**YOUR OBJECTIVE**.
Each line from the one with "The experimental apparatus" through the last line below must be written out exactly. Do not copy pictures.

*** DATASET SECTION Section Begins ***

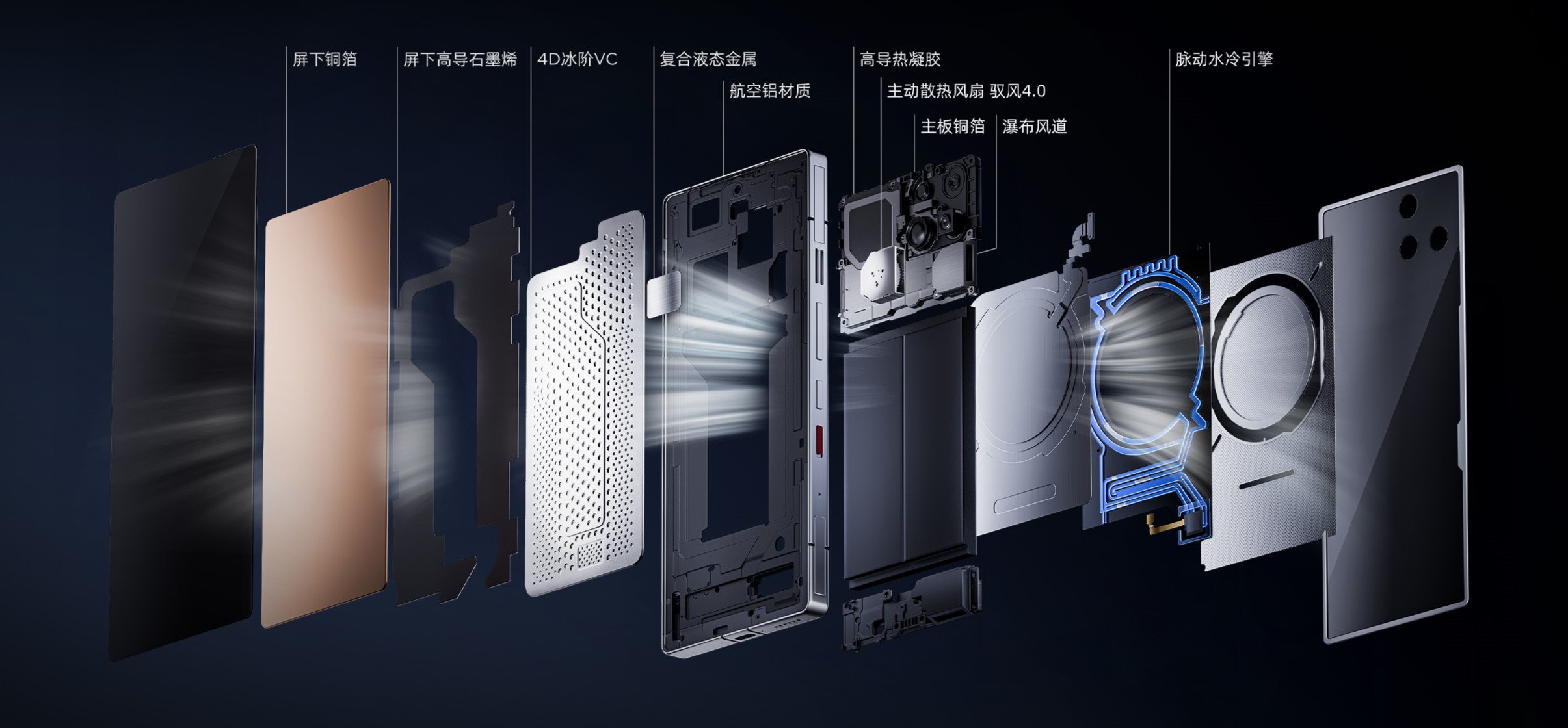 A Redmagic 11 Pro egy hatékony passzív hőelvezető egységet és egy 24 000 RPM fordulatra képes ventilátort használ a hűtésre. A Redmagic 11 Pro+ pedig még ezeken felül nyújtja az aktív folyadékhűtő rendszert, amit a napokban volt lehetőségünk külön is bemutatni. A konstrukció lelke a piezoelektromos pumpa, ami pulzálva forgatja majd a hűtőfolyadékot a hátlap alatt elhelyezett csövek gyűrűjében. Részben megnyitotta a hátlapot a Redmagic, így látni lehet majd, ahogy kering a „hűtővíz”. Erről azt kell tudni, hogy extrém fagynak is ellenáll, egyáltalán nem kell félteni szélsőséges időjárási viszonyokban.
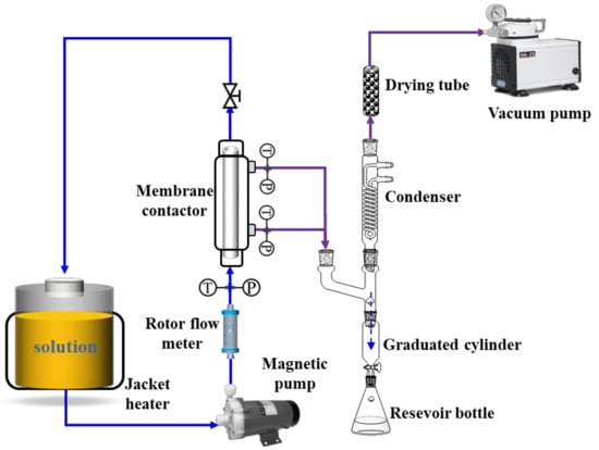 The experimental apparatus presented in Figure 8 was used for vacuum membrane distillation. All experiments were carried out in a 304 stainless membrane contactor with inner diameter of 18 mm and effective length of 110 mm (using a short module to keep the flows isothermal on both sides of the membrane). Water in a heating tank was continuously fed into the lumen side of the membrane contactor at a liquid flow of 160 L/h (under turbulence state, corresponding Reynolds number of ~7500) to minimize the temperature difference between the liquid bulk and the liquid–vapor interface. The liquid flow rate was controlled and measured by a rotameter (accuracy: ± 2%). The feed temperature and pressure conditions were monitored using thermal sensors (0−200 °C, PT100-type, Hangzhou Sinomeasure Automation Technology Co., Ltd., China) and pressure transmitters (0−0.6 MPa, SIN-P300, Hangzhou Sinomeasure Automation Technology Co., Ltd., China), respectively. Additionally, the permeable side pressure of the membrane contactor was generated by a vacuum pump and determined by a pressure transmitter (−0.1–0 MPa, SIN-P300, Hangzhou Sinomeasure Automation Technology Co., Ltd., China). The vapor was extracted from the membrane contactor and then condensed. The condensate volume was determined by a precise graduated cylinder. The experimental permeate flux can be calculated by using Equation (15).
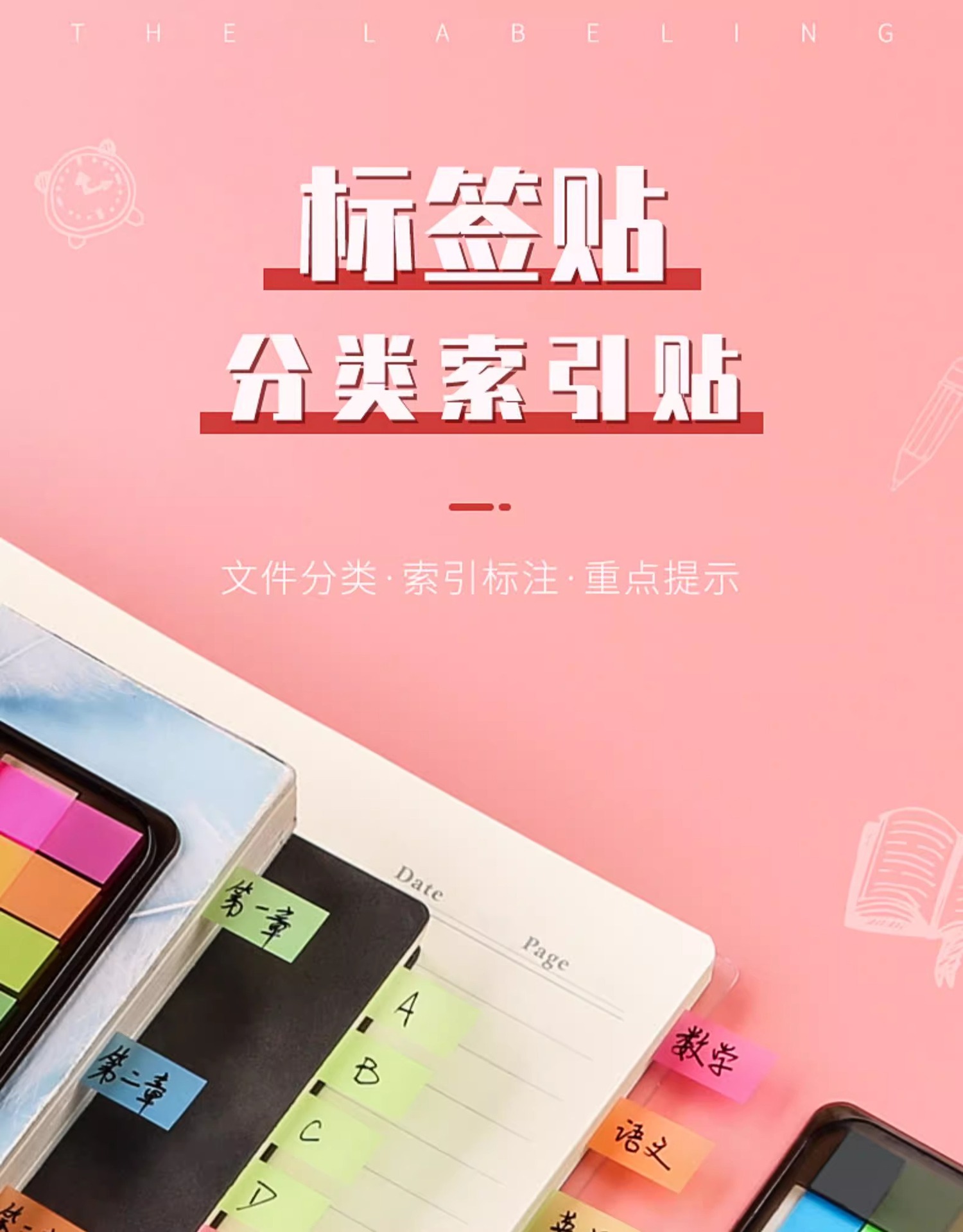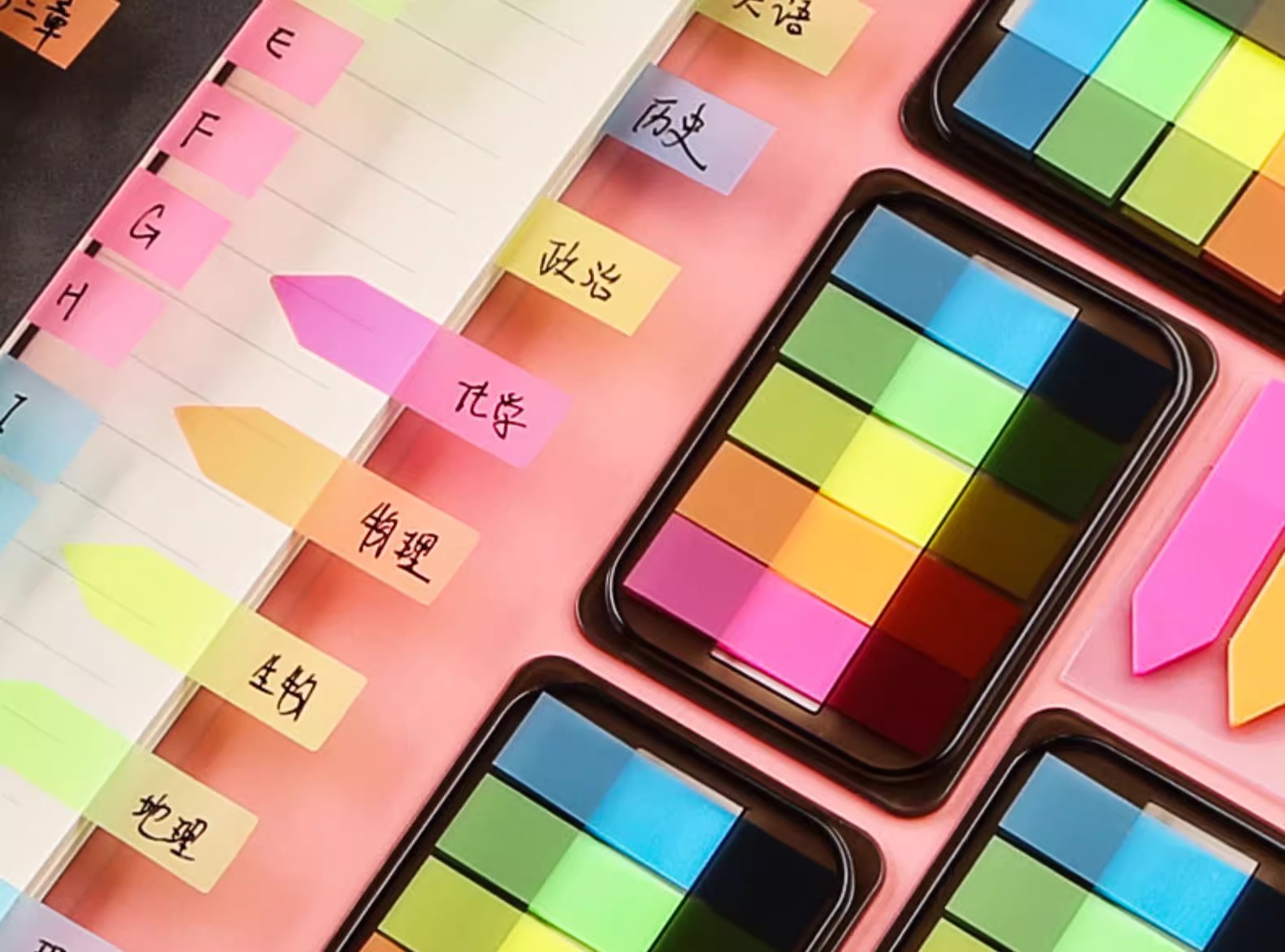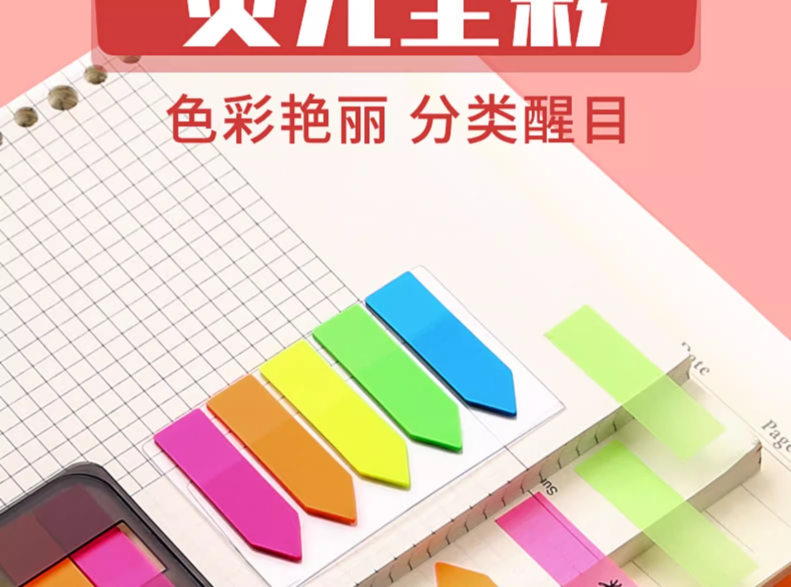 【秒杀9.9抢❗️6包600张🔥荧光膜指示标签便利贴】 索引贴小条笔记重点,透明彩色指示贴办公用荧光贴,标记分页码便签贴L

*** DATASET SECTION Section Ends ***

**RESPONSE BELOW**.
 The experimental apparatus presented in Figure 8 was used for vacuum membrane distillation. All experiments were carried out in a 304 stainless membrane contactor with inner diameter of 18 mm and effective length of 110 mm (using a short module to keep the flows isothermal on both sides of the membrane). Water in a heating tank was continuously fed into the lumen side of the membrane contactor at a liquid flow of 160 L/h (under turbulence state, corresponding Reynolds number of ~7500) to minimize the temperature difference between the liquid bulk and the liquid–vapor interface. The liquid flow rate was controlled and measured by a rotameter (accuracy: ± 2%). The feed temperature and pressure conditions were monitored using thermal sensors (0−200 °C, PT100-type, Hangzhou Sinomeasure Automation Technology Co., Ltd., China) and pressure transmitters (0−0.6 MPa, SIN-P300, Hangzhou Sinomeasure Automation Technology Co., Ltd., China), respectively. Additionally, the permeable side pressure of the membrane contactor was generated by a vacuum pump and determined by a pressure transmitter (−0.1–0 MPa, SIN-P300, Hangzhou Sinomeasure Automation Technology Co., Ltd., China). The vapor was extracted from the membrane contactor and then condensed. The condensate volume was determined by a precise graduated cylinder. The experimental permeate flux can be calculated by using Equation (15).
 【秒杀9.9抢❗️6包600张🔥荧光膜指示标签便利贴】 索引贴小条笔记重点,透明彩色指示贴办公用荧光贴,标记分页码便签贴L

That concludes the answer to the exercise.